4 min read

How we use AI to write and review code without losing ownership

The workflow. The guardrails. The moments it goes wrong.

The conversation about AI and code has two camps: the optimists who think the humans will be reviewing rather than writing soon, and the sceptics who've seen too many confident wrong answers to trust the output.

After two years of systematic AI-assisted development, my position is: both camps are partially right, which means neither is useful as a guide.

Here's what we actually do.

How we write code

In-editor, Copilot handles completion. It's fast, it's context-aware within the file, and it handles the mechanical parts of implementation well: type-consistent returns, standard library usage, boilerplate for common patterns. I've stopped thinking of this as AI and started thinking of it as a better autocomplete.

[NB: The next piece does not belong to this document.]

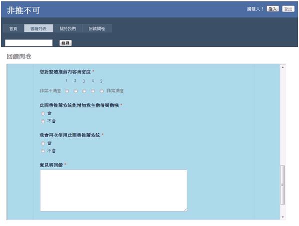 若使用者對系統有更加多的意見,透過此頁面中,簡單的問題選擇或是自由式的留言方格,讓我們知道系統有何改進空間以及向未來發展。

For larger generation tasks - implement this module given this interface, write tests for this service, convert this pseudocode - we use Claude directly. The workflow is: write the spec (sometimes AI-assisted, see below), give the model the spec plus the relevant context from the codebase, review and edit the output.

The key discipline: we treat the model as a junior engineer who writes quickly and needs thorough review. We don't treat it as a senior engineer whose output we can skim.

The review side

Automated review runs on every PR before human review. The agent checks for a fixed set of mechanical issues. We've tuned this list over eighteen months. The current list catches things that come up repeatedly and are fast to fix: missing error handling on external calls, inconsistent return types, input validation gaps.

Human review still happens on every PR. The agent doesn't replace it. What it does is let the human reviewer focus on design, intent, and domain-specific correctness rather than catching the same class of mechanical issues repeatedly.

Where it goes wrong

Confident incorrectness on domain-specific logic. The model doesn't know our system the way we do. When we give it a task that requires understanding how two distant parts of the system interact, it produces code that looks correct and is subtly wrong. The review catches this, but only if the reviewer knows the system well enough to spot it.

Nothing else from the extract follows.